Required action: Starting at the first line of the entries below, restate each line exactly until you reach the line with "8.ここで大休み わしゃ、くたびれたど〜! |", and print that one too. Leave the pictures out and stop there.

(Excerpts from a dataset)
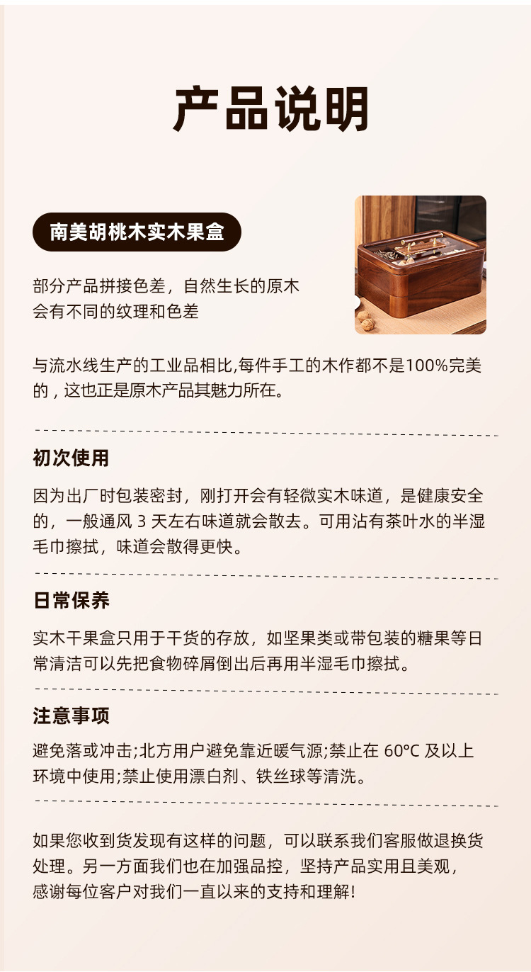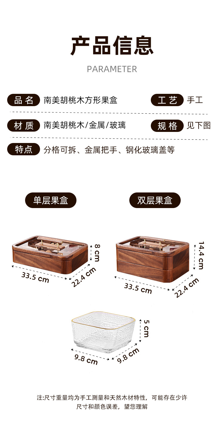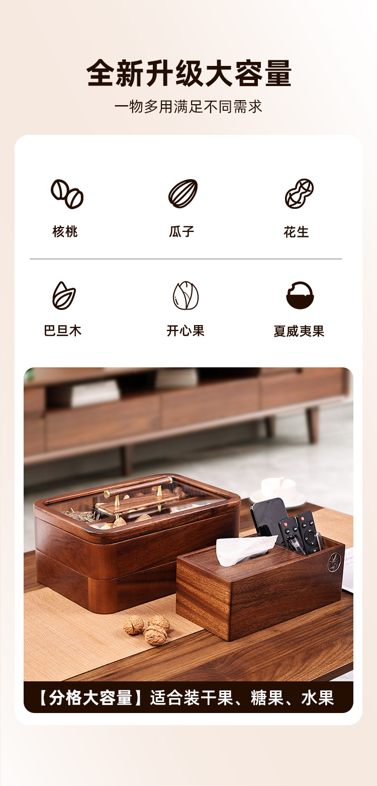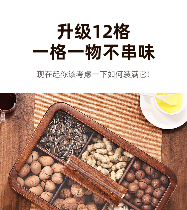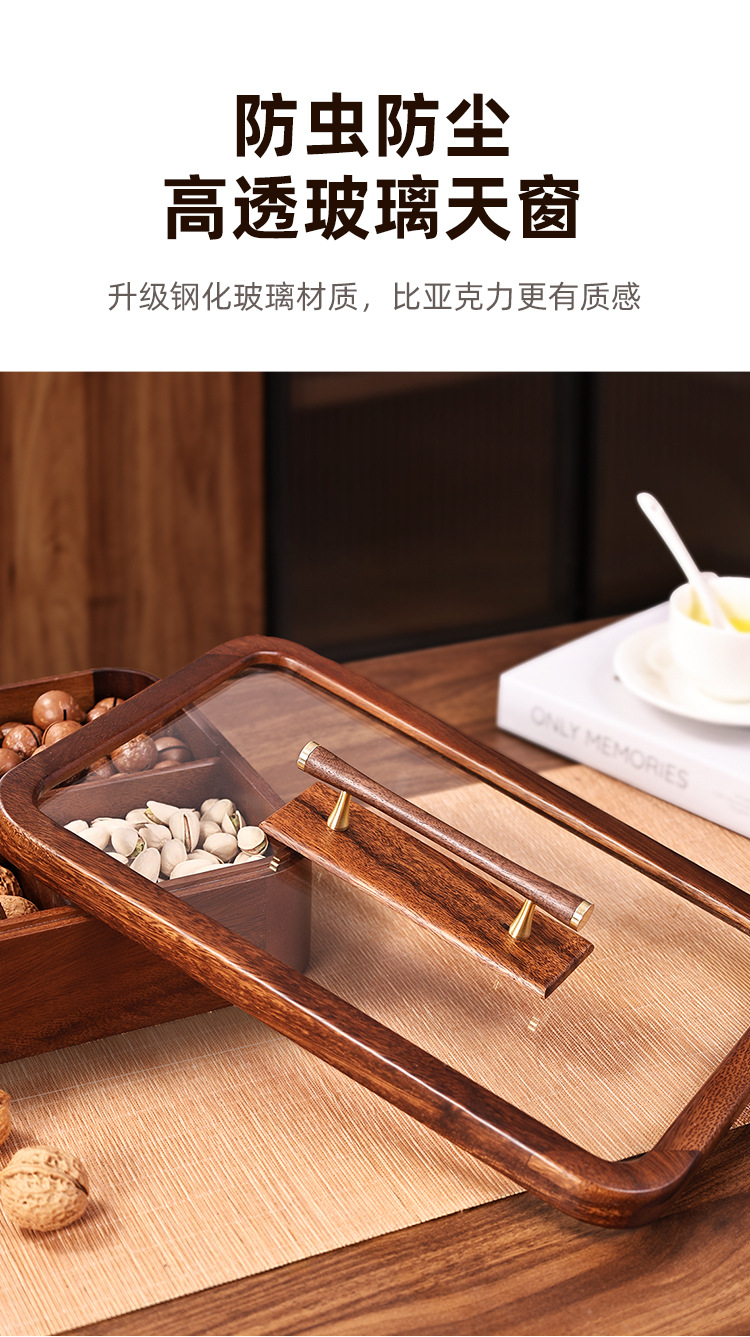 새로운 중국 호두 말린 과일 상자 직사각형 새로운 손잡이 스낵 너트 저장 상자 가정용 나무 트레이
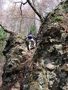 | 7.「奥の院」横の鎖場 | 8.ここで大休み わしゃ、くたびれたど〜! |
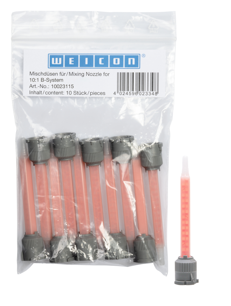 Het 10:1 B mengmondstuk is speciaal ontwikkeld voor tweecomponenten lijmsystemen. Het gebruik van het mengmondstuk ondersteunt de kwaliteitsborging bij verlijmingsprocessen en zorgt voor reproduceerbare resultaten. Dit is vooral belangrijk voor industriële serieproductie. De mengmondstukken ondersteunen de kwaliteit en professionele productie van lijmverbindingen en leiden tot een verbetering van de lijmprocessen. Dankzij de geometrie van het mengmondstuk, dat precies is afgestemd op de mengverhouding, worden altijd de juiste hoeveelheden hars en verharder gemengd. Het gebruik van het mengmondstuk zorgt voor veilig en schoon werken en verhoogt de efficiëntie door de foutkosten aanzienlijk te verlagen.
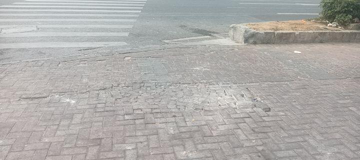 石排石兴市场红绿灯路口左边人行道有一处破损
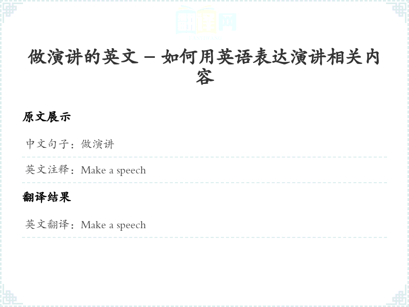 通过本篇文章的学习,希望你能够对"做演讲"这个词的翻译及相关用法有一个全面的理解,并在实际应用中灵活运用。
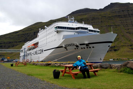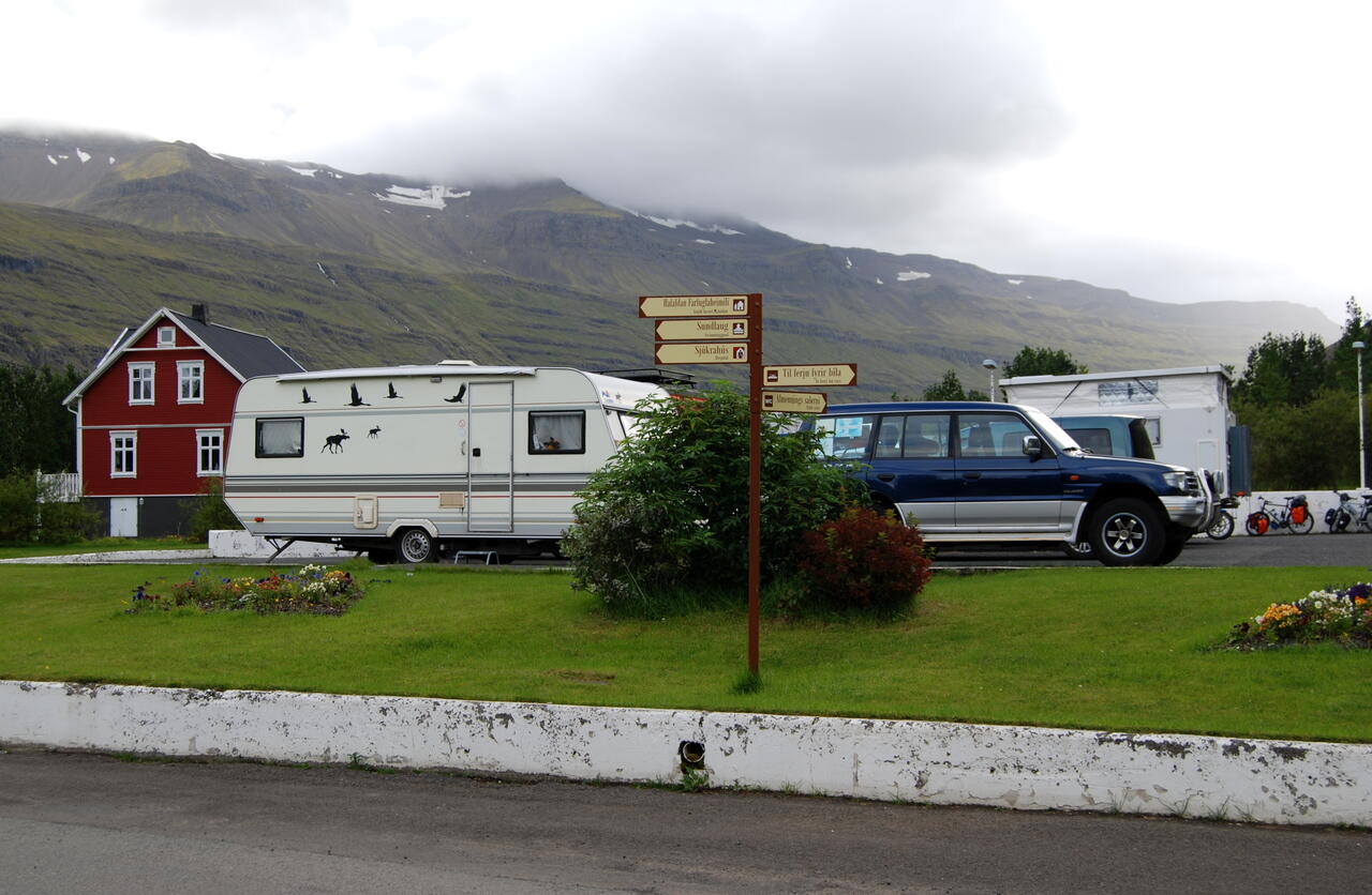 Wir gingen zurück Richtung Campingplats, diesmal auf der anderen Seite des Sees Lónið. Es gab immer wieder schöne Ausblicke auf die malerischen kleinen Häuser. Durch die kleine Straße Norðurgata, deren Pflaster in Regenbogenfarben angemalt ist, gingen wir zurück auf die Kirche zu. So waren wir bald wieder am Wohnwagen. Es waren noch zwei Stunden Zeit, bis wir zur Fähre vorfahren mußten. So konnten wir alles in Ruhe für die Fährfahrt vorbereiten.

Task output:
 새로운 중국 호두 말린 과일 상자 직사각형 새로운 손잡이 스낵 너트 저장 상자 가정용 나무 트레이
 | 7.「奥の院」横の鎖場 | 8.ここで大休み わしゃ、くたびれたど〜! |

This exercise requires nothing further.